If someone were to ask at what age children should be taught about the actual mechanics of human sex , I would say you give them information appropriate to their age. A three year old? You grew inside my belly ... and if they ask more, you tell them the truth - you came out like all babies do, through a little hole between my legs that all women have, or the doctor had to do an operation to take you out, and show them the scar. But they might not ask. And so on, and so on, answering questions about anatomy and sex only as they ask, and only as much as they need to know to be satisfied. I think that children should know the differences between male and female anatomy certainly by kindergarten. They should probably learn from you the truth about sexual intercourse by about second grade, otherwise they're gonna find it out from some other kid, and may pick up a lot of wrong information from other kids, just like in the game "telephone".
That's why it's absurd for you to think that your almost 12 year old doesn't already know the facts of life.

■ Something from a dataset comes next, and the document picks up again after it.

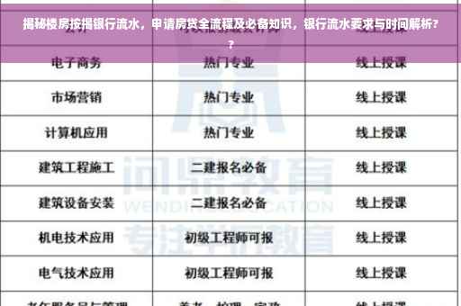 摘要:本文将揭秘楼房按揭银行流水的申请流程与必备知识,包括银行流水的重要性及其在申请房贷时的具体要求。读者将了解银行流水应涵盖的时间范围,以及如何利用银行流水成功申请房贷。本文旨在帮助购房者顺利办理房贷,避免不必要的困扰。

Of course she has already learned about it from her friends at school. And if you don't hurry, she may also learn that you can't get pregnant the first time you have sex, that you can't get pregnant if you have sex standing up, that you can't get pregnant if the guy pulls out before he climaxes, that you can't get pregnant if .... etc. On your timetable, I'm worried that you won't get around to having THAT part of the talk until her wedding night, if even then, if you're lucky!
Both of my girls were age 8-9 when they got the talk. I rolled the menstruation talk into the sex talk, and included a lot on how people feel about sex, how it changes people, how men and women's attitudes differ, the emotional aspect, etc. I had an age-appropriate book to give them after.
I also took every opportunity in the following years to reinforce these messages when stuff came up naturally in conversation.
Both grew up to have healthy sexual lives without abuse or unwanted pregnancy. One lost her virginity at 18 and the other at 17 with their long term boyfriends, and they actually TOLD me right after. Not sure that was necessary!
I think 11-12 is much too late and they will be less willing to hear the messages that go beyond biology that you may want to impart.
It's wrong to tell the OP that she's too late. It's never too late. Earlier is best, of course, but I'd hate for any parent to think they missed the boat completely and drop the conversation.
Ask your daughter what she's heard, correct the likely misinformation, and encourage her to ask any questions.